One of the downsides of these great technological advances
is that we tend to put our hope completely in science. As a result, it seems that many of us have become
afflicted with a peculiarly modern disease known as “doubt”. When one becomes afflicted with doubt, he or
she comes to stand on the principle that “if you can’t prove it scientifically,
then it’s probably not reliable.” In
other words, “don’t believe it if you can’t see it.” Now, the core tenets of Christian faith (you
know, those things that we profess in the Creed?) are undetectable by our
senses and so, for those afflicted with doubt, faith seems to be “fuzzy” and
therefore “unreliable”.
In the Letter to the Hebrews in the Bible, however, faith
is defined as “the realization of what is hoped for and evidence of things not
seen.” Did you hear that? Faith, it says, is evidence! Thus, according to this, faith is not fuzzy
at all, but rather it is evidence that there can be (and, in fact, there is)

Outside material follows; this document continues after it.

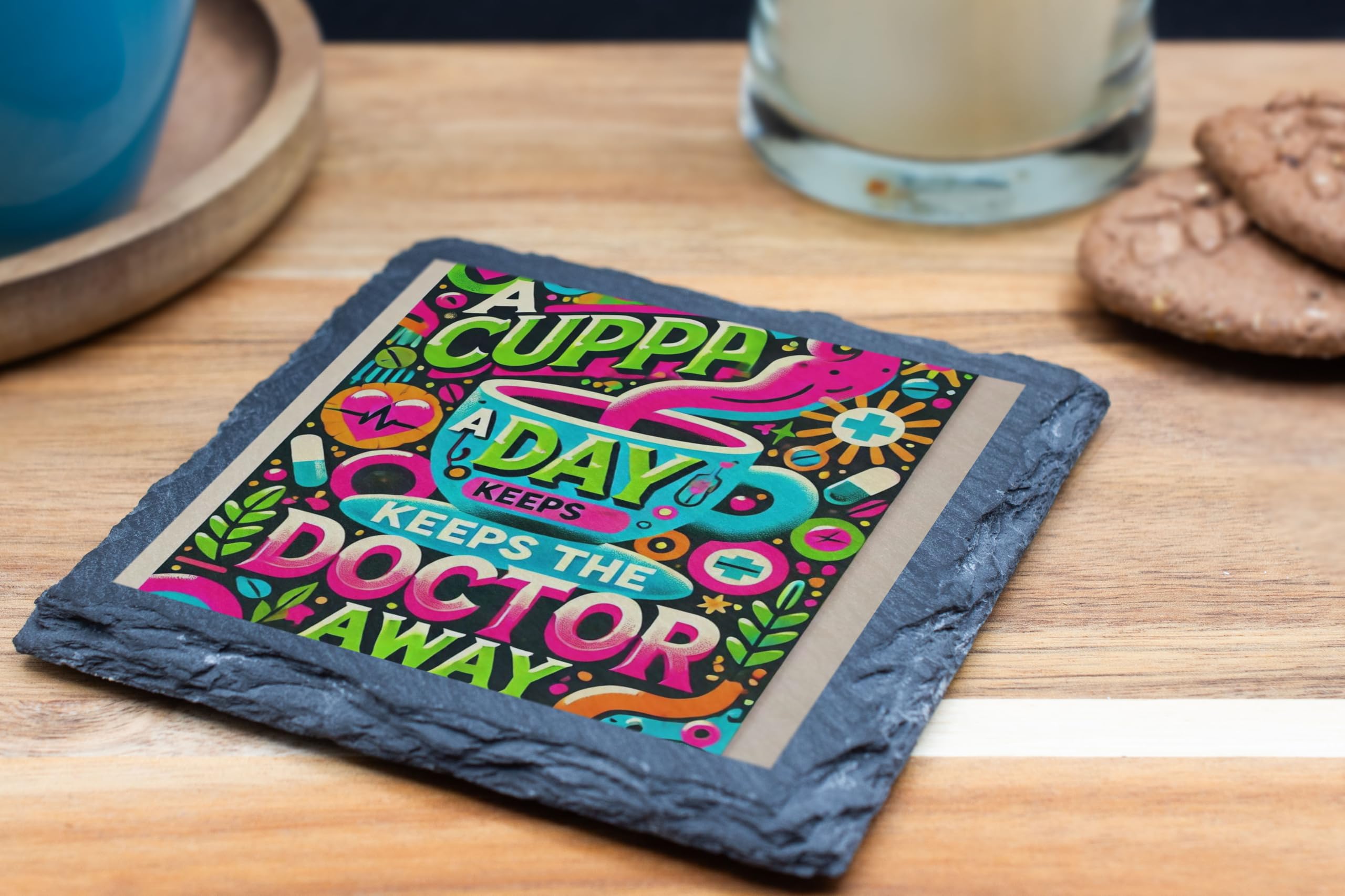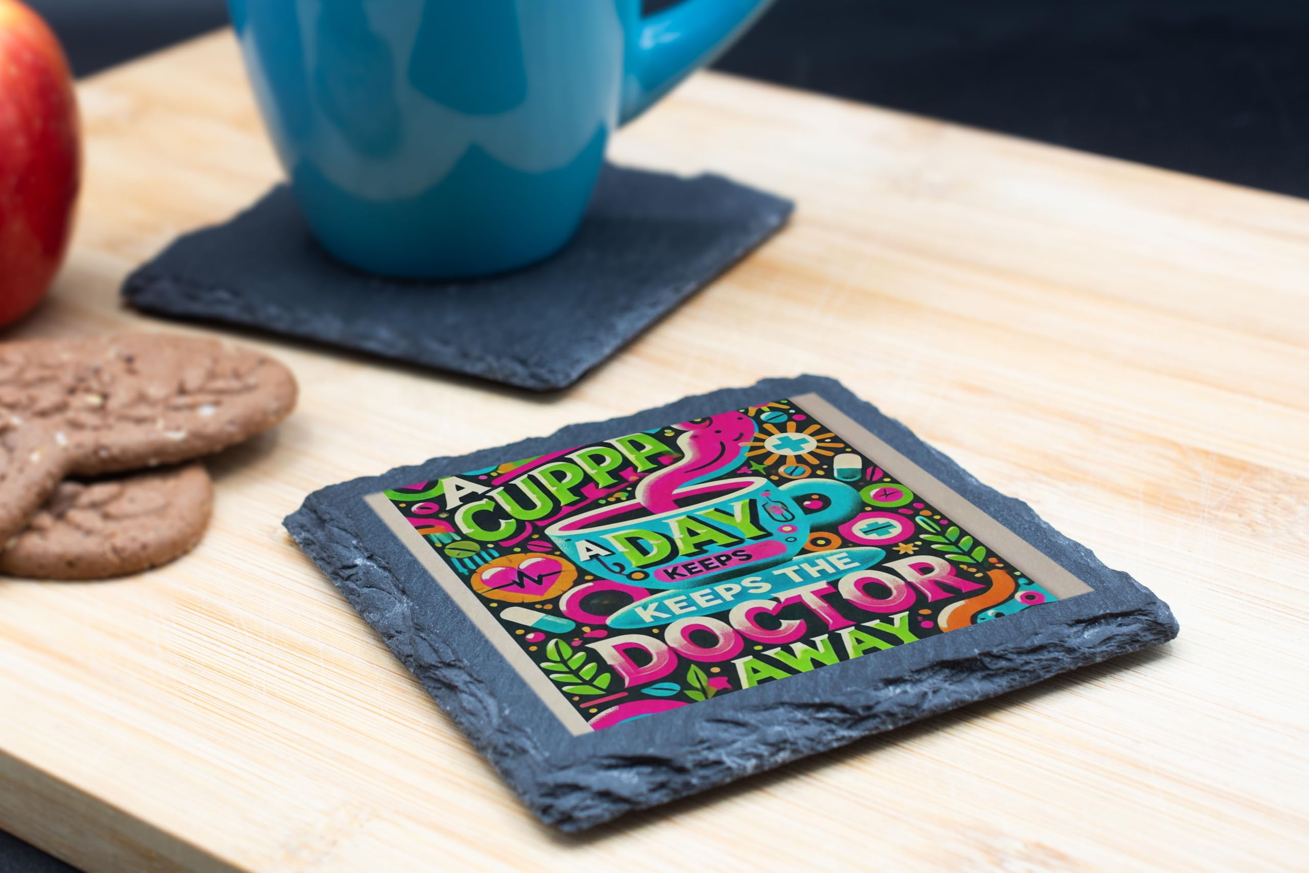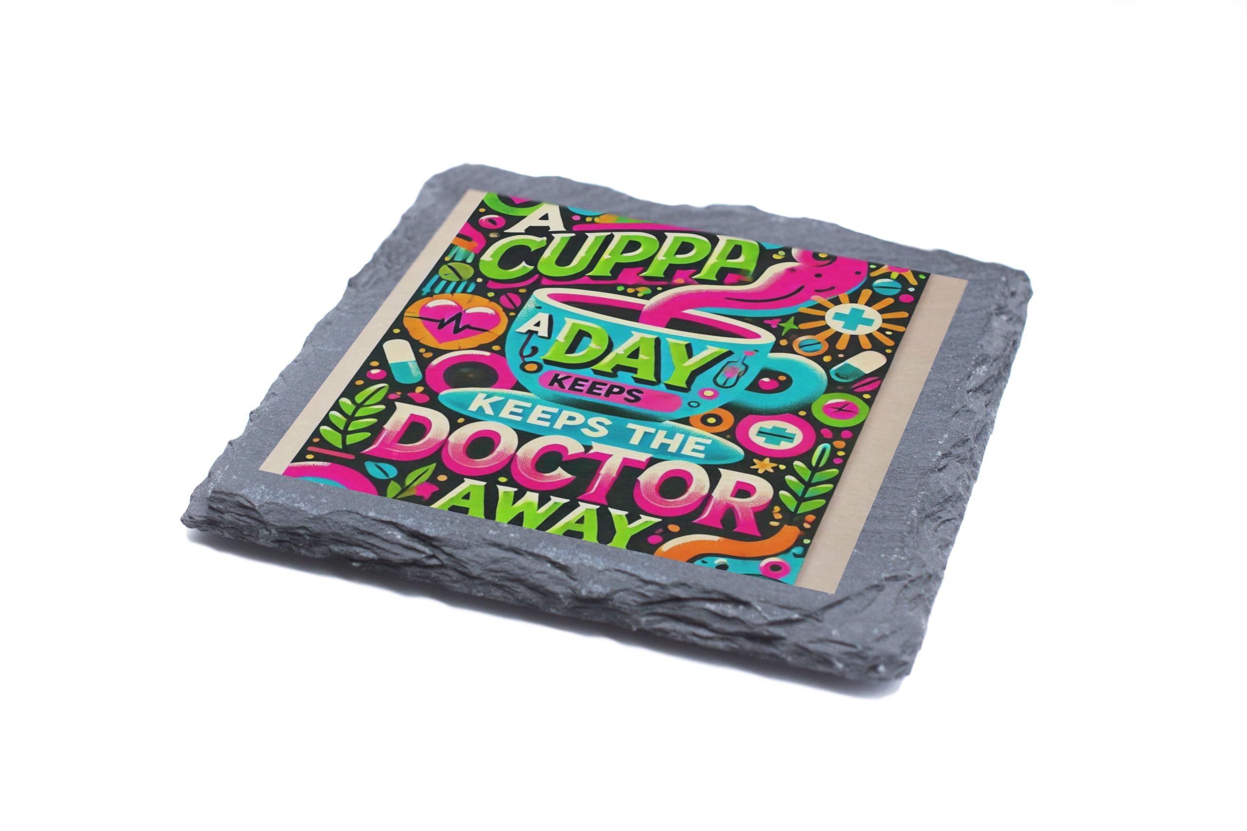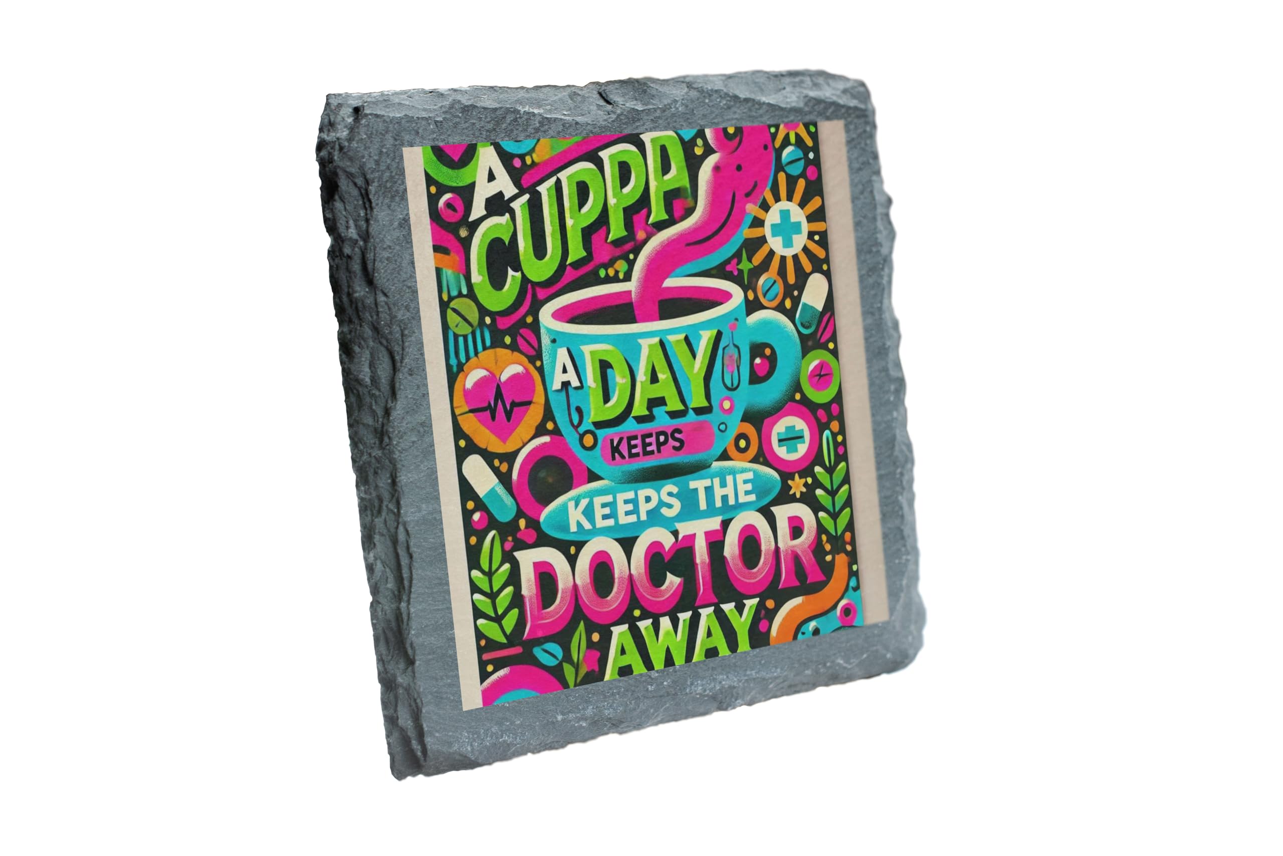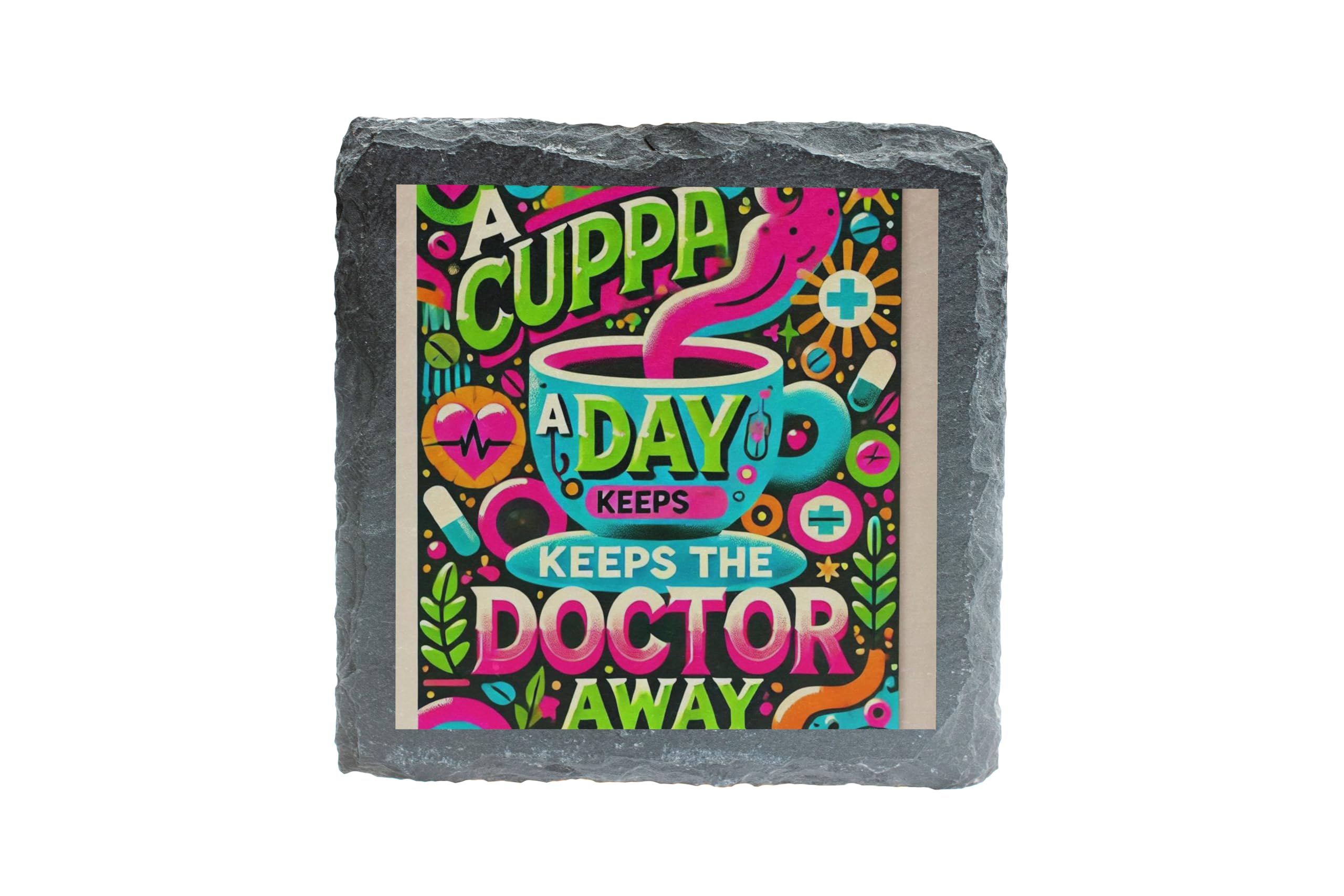 Bring a touch of humor and color to your space with this "A Cuppa a Day Keeps the Doctor Away" slate coaster. Featuring a vibrant and playful design, this coaster is perfect for tea lovers and anyone who appreciates a cheerful vibe. Crafted from premium slate with a protective cork backing, it ensures your furniture stays safe while adding a splash of personality to your decor. Whether as a gift or for personal use, this coaster is a delightful addition to any tea or coffee routine.

something beyond our ability to detect it with science. Given this, it seems like the doubt that we
are afflicted with these days is not so much a doubt of the objects of faith—that
is, those things that we believe in—but rather a doubt of our own human ability
to know that there is something true and real beyond our ability to detect it.
The truth that ancient peoples weren’t as afflicted with
this condition is seen in our readings today.
In our first reading, the prophet Ezekiel is speaking to the Israelite
people during the Exile. For the ancient
Israelites, being taken from their land was tantamount to saying “your God
doesn’t exist!” Thus, the words of the
prophet were for them a thing of great hope.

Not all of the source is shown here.